I don't know if they ever get potty trained all the way!!:biggrin1: Here is one for you....Casper turned 1 yr in Sept. and yesterday I went to hook him on his leash to go outside to potty and I hooked him and then before going out he justed pottied right there on the rug by the door:jaw: Other than that he has been doing pretty good going outside.


----------



## Paige (Sep 12, 2006)

Lynn...Reece peed in the house a few times after I got Preston..and I was surprised...I thought maybe since he saw Preston doing it....he thought is was now okay for him to...


----------



## JCChaplin (Oct 2, 2007)

Well, I guess from all of your replies that 5 months is a little early to expect him to be trained. He was having accidents every few days, but the last week it was every day. I had written about the fact that the trainer originally said to restrict the water.  The problem i had with that is that he would gulp down a bowl and a half of water when he actually had access to it. Then, i would walk him and he would go, but after getting back into the house, he would have an accident.

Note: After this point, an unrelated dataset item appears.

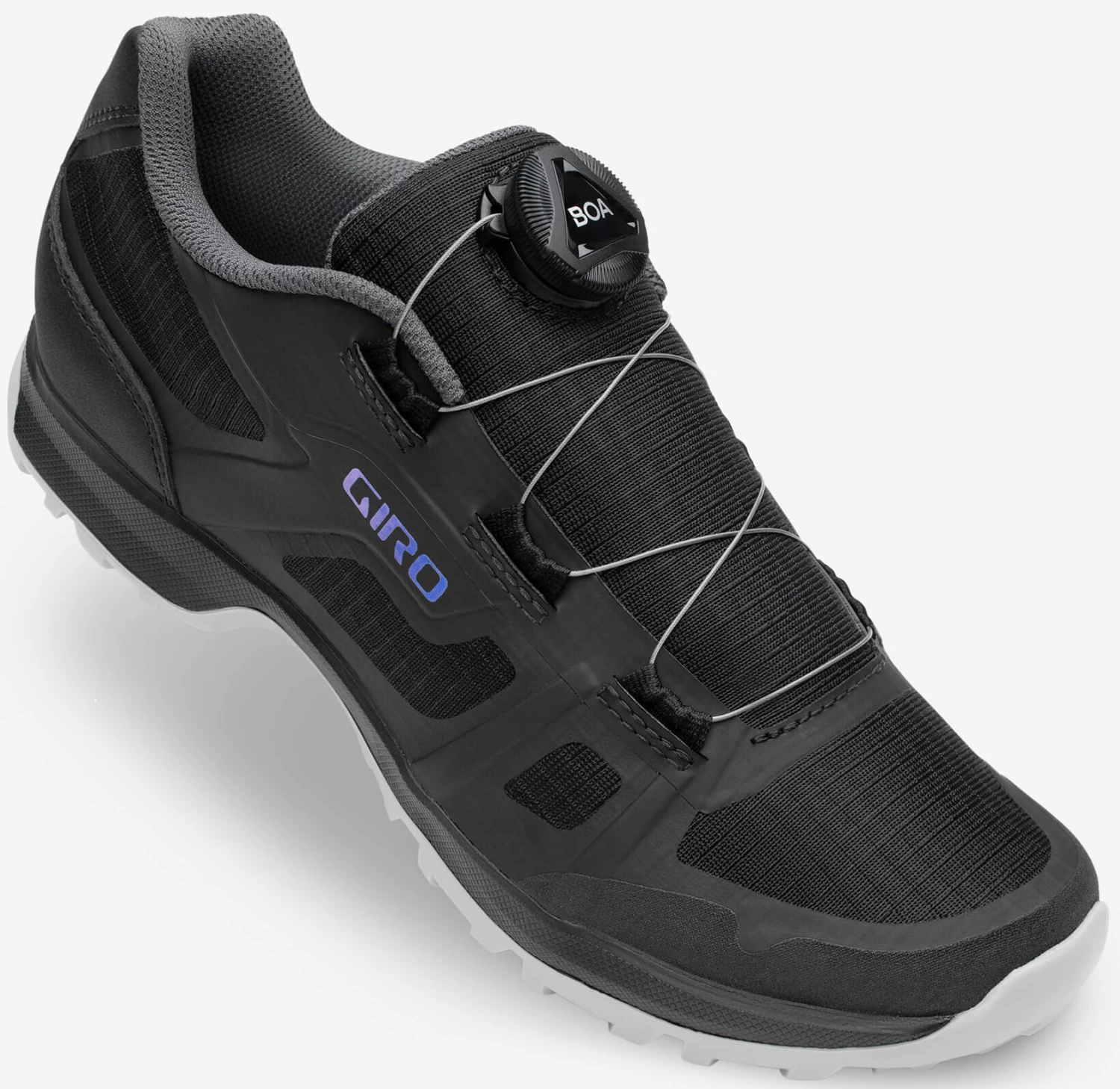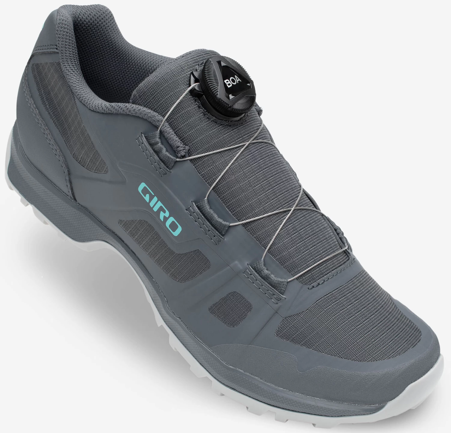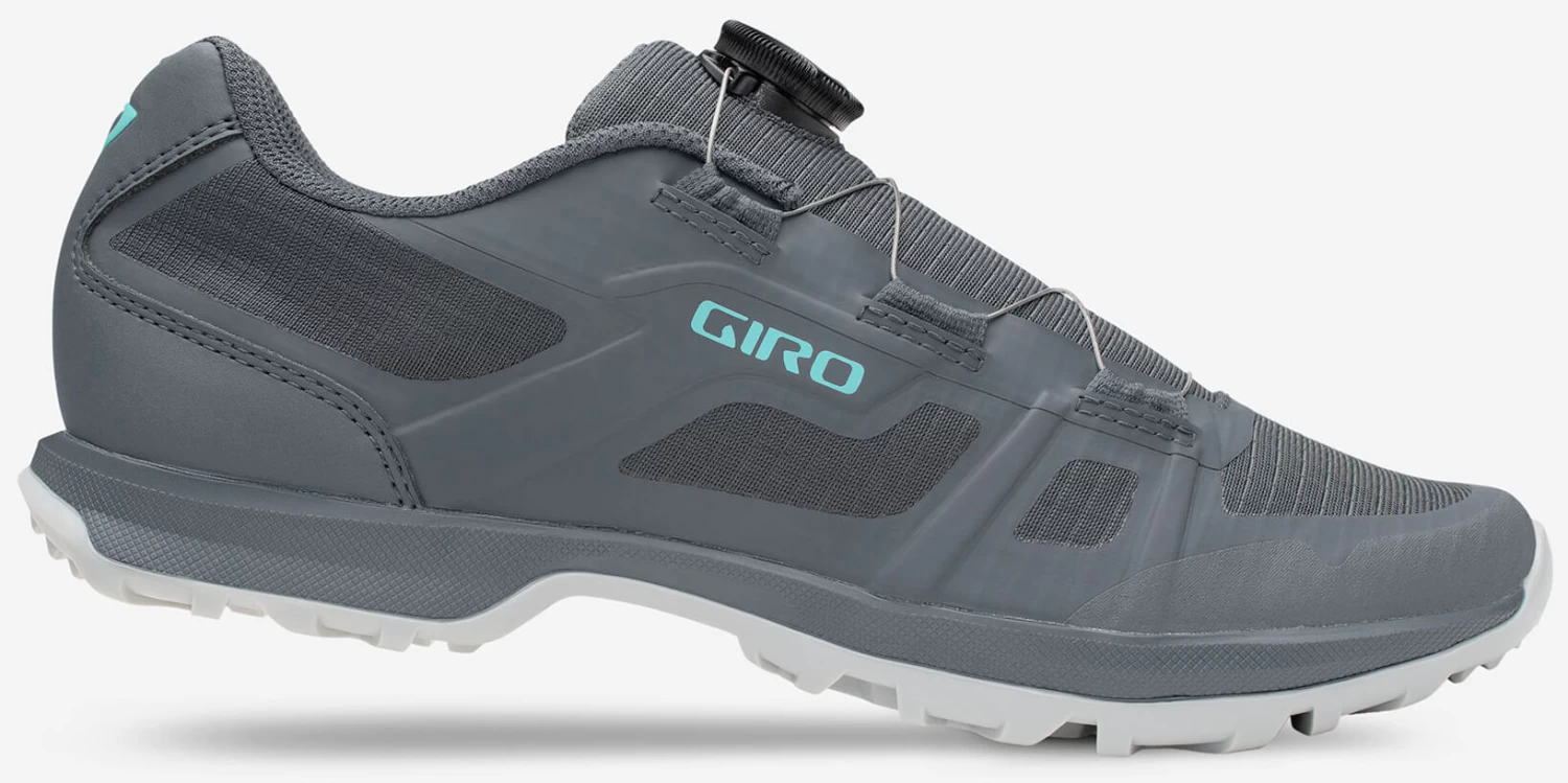 The 2022 Giro Gauge BOA Women’s Shoe combines cycling-specific features, like clipless pedal compatibility and supportive fit, with the reliable grip of an aggressively lugged rubber outsole and the feel of a trail running shoe. The fit is secure thanks to a BOA micro-adjustable buckle, while reinforced heel and toe boxes offer protection from scrapes and impacts. With an upper made from supple synthetic fiber and breathable mesh and a stout injected-nylon inner shank to help transfer your power to the pedals, it gives you the confidence to take on any trail.

I think that he would consume so much water in one shot, that he could not hold it. So, I am trying to leave the dish out and let him take a little at a time. But, I think that I have to put a small amount at a time, though. If I fill the bowl, he can get a lot all at once. Also, I am going back to restricting him to his ex-pen or my kitchen. If I allow him to run around downstairs, I follow him. I guess I just have to be patient! Thanks!


----------



## Laurief (Nov 7, 2006)

I am glad you were able to get a little help from all our crazy responses and experiences. You are right that it is a little early to expect that much from him. We would always take water away at 7pm too, this way the pups would pee one more time at night & then sleep thru.


----------



## gelbergirl (Jun 9, 2007)

I'm going to say with Henry it was 9 months.
I think it has more with the maturity of the bladder and surrounding muscles.


----------



## Lynn (Jan 2, 2007)

It is probably to soon to speck:biggrin1: I know how it goes....just when you say they are doing good it goes bad....but Missy is really doing good with pee pads in her ex-pen. 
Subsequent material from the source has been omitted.